29 Ekim 2013 Salı

güce tapma

Önce başarıya taparlar. Bunun en paçoz örneği de Adi şef Zumbar’dı.
Varsa yoksa başarıdır kendileri için.
Hayatları yenilgileri geçtim, beraberliklere bile müsait değil.
Kazandıklarında, bir başkasının kaybetmiş olduğunu düşünmezler bile. Kaybetmek bir zayıflıktır ve öyle bir zayıflığı düşünmezle bile, muhatap almazlar. -Aslında hayatları da külli bir zayıflıklar resmi geçididir ya...-
Olur da kaybederlerse veya kaybedecek gibi olurlarsa vay halimize… Çevirmek için her yol mubahtır. Olmadı, o zaman ortada ya bir katakulli vardır, ya bir şer koalisyonu, ya bir aymazlık…
Sadece kendi hassasiyetleri vardır, kendi ilkeleri, kendi egoları…
O ego ki, tüm kâinatı kendi içinde kaybedecek bir kara delik büyüklüğündeki BEN’den başka bir şey değildir… BEN… Bunu memleket din vatan millet edebiyatı ile pek ala da örterler.
Kazanmak için var olmuşlardır. İçlerinde bir yarıtanrı yattığını düşünebilirler.

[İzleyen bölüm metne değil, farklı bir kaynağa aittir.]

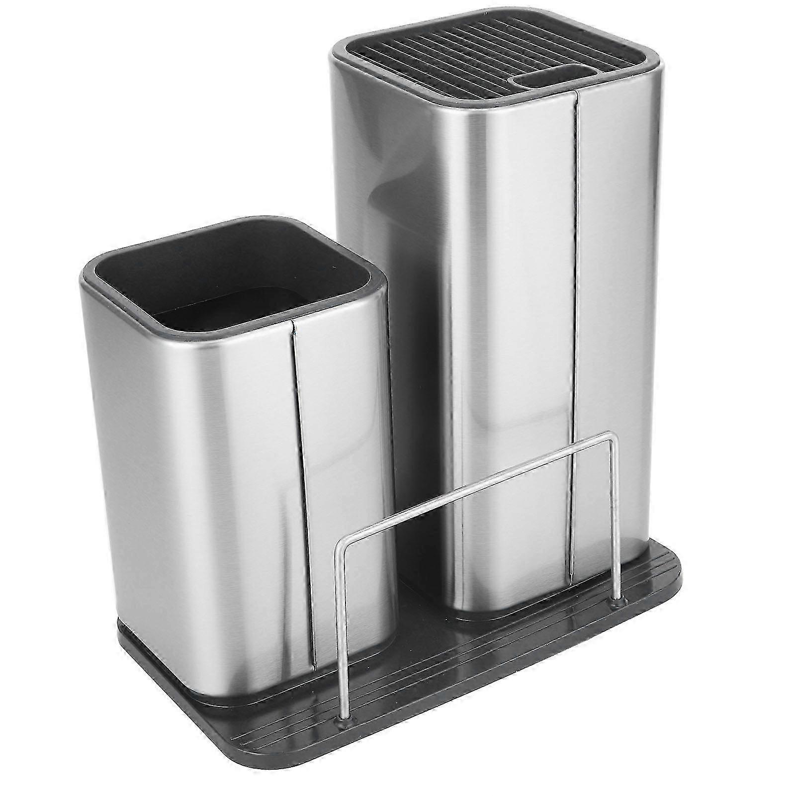 2 in 1 Stainless Steel Knife Stand & Kitchenware Holder 23.6x11.2cm 25-26s
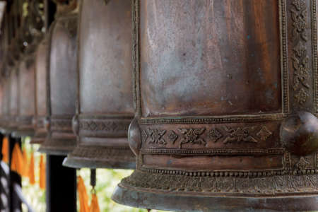 Golden Siam Bell in Buddhism Temple closeup in golden vintage tone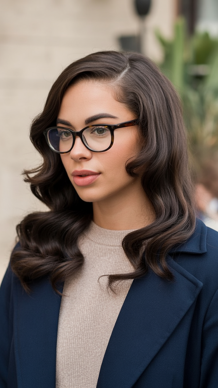 Parting your hair deeply and giving it a curled style creates a bombshell impression. It shapes your face well and gives your body motion with every step. It’s sultry, soft, and totally unforgettable.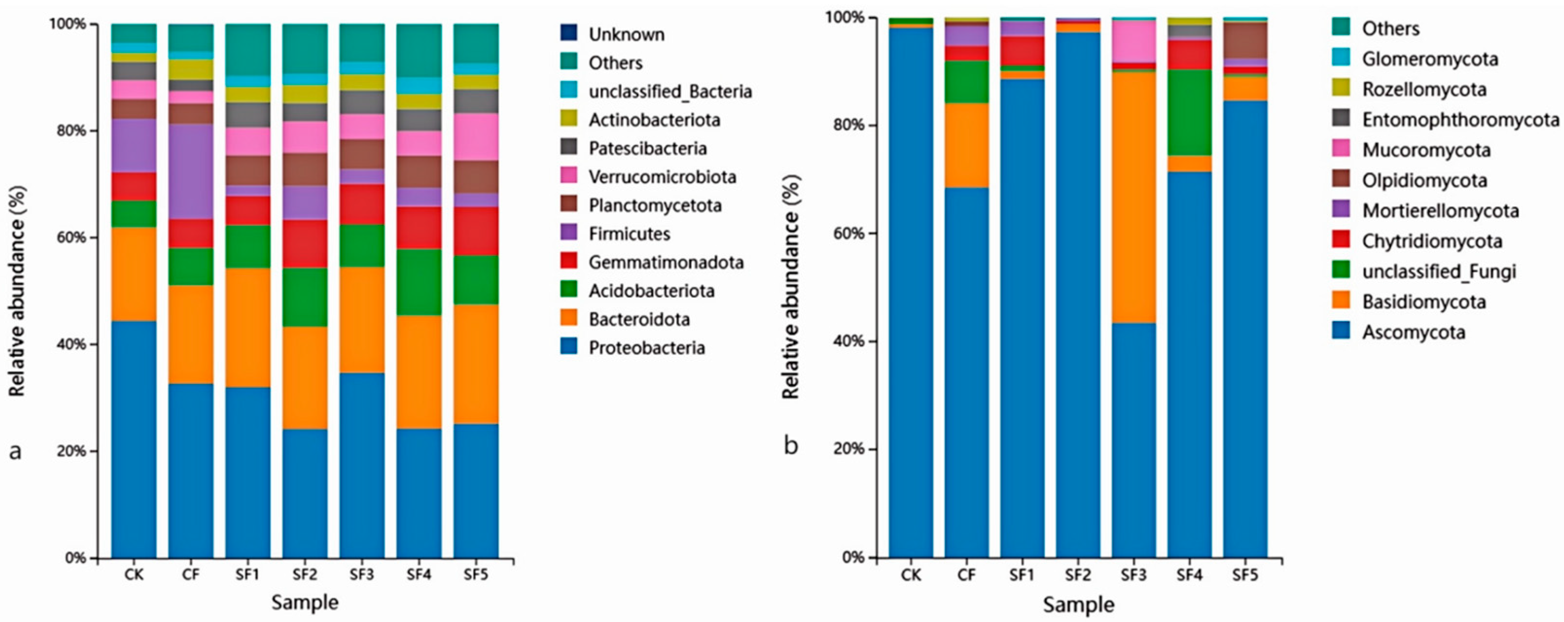 24]. Organic fertilizer provides abundant organic matter and nutrients to soil microorganisms, promoting the growth and reproduction of microbial communities, thereby enhancing soil microbial diversity. The composition and function of soil microbial communities have a significant impact on soil fertility and ecosystem functioning [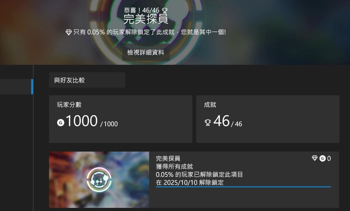 花了八十五個小時將本作全成就拿完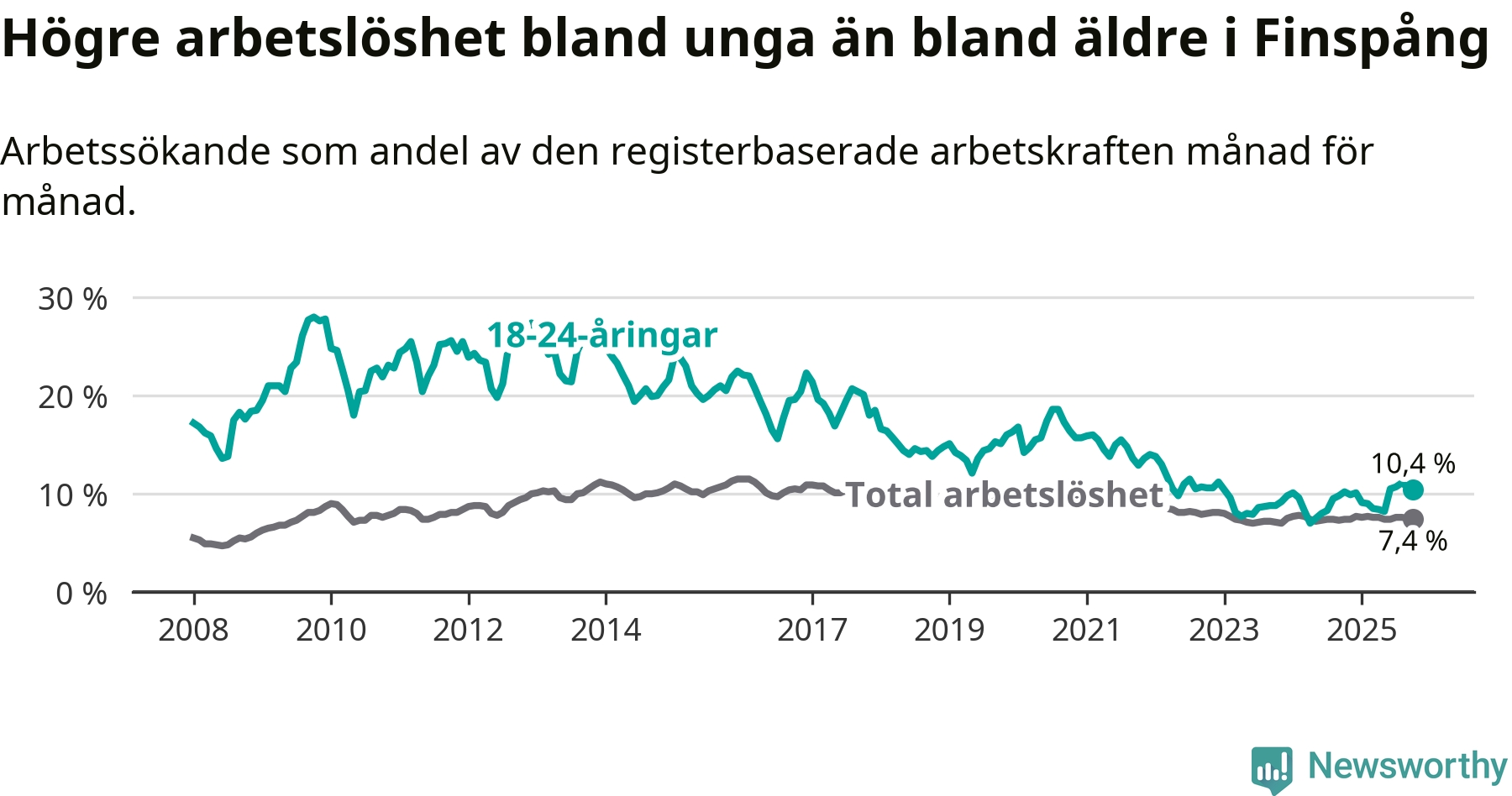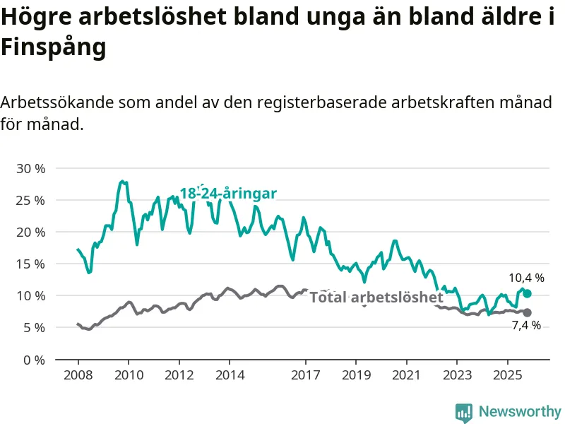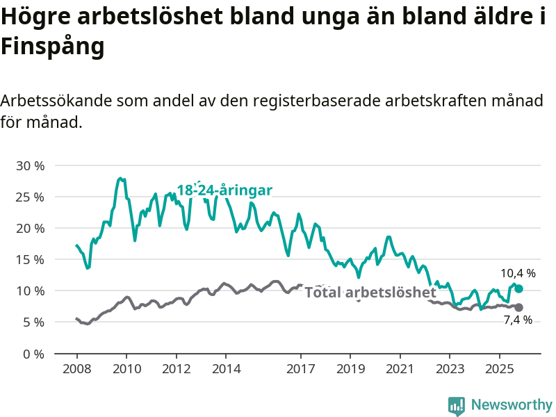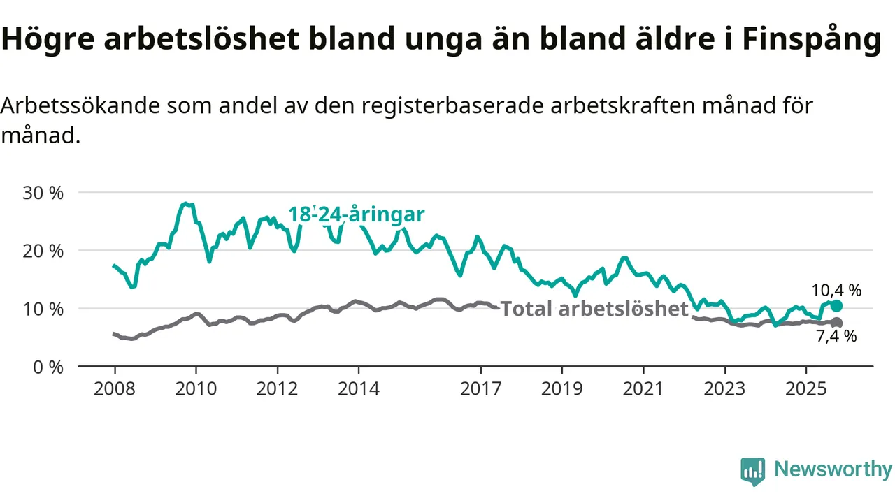 I och med den senaste månadens uppgång har de ungas arbetslöshet i Finspång stigit åtta månader i följd (upp från 9,0 procent i februari till 10,4 procent nu).

Habitatları biz sıradanlara tenezzül etmez, bir nevi Olimpos’tur orası.
Böylece kazananın yanında olmayı severler. Tercih ederler. Hayır, bu dediğim zaten kendiliğinden olur. Mıknatıslarının kutupları birbirini çeker. Hep çeker.
Güce tapanlar önce başarıya taparlar, sonra da başarıya taparlar. Ölüme inanırlar, iyi birer dindar olacak kadar; ama kendi ölümlerine inanmazlar. Ki Zumbar ölümsüz olduğunu zannediyordu. 
Yaşlanmayı, hastalıkları filan da bir hakaret olarak telakki ederler, hayatın 1. tekil şahıslarına bir kastı.
Asla yıkılmazlar. Zayıflık göstermezler. İnsan aklında genetik olarak bulunan Tanrı modülü onlarda daha güçlüdür ama Tanrı Kral kodlamasıyla o modül kendi içlerine yoğun olarak işlemiştir.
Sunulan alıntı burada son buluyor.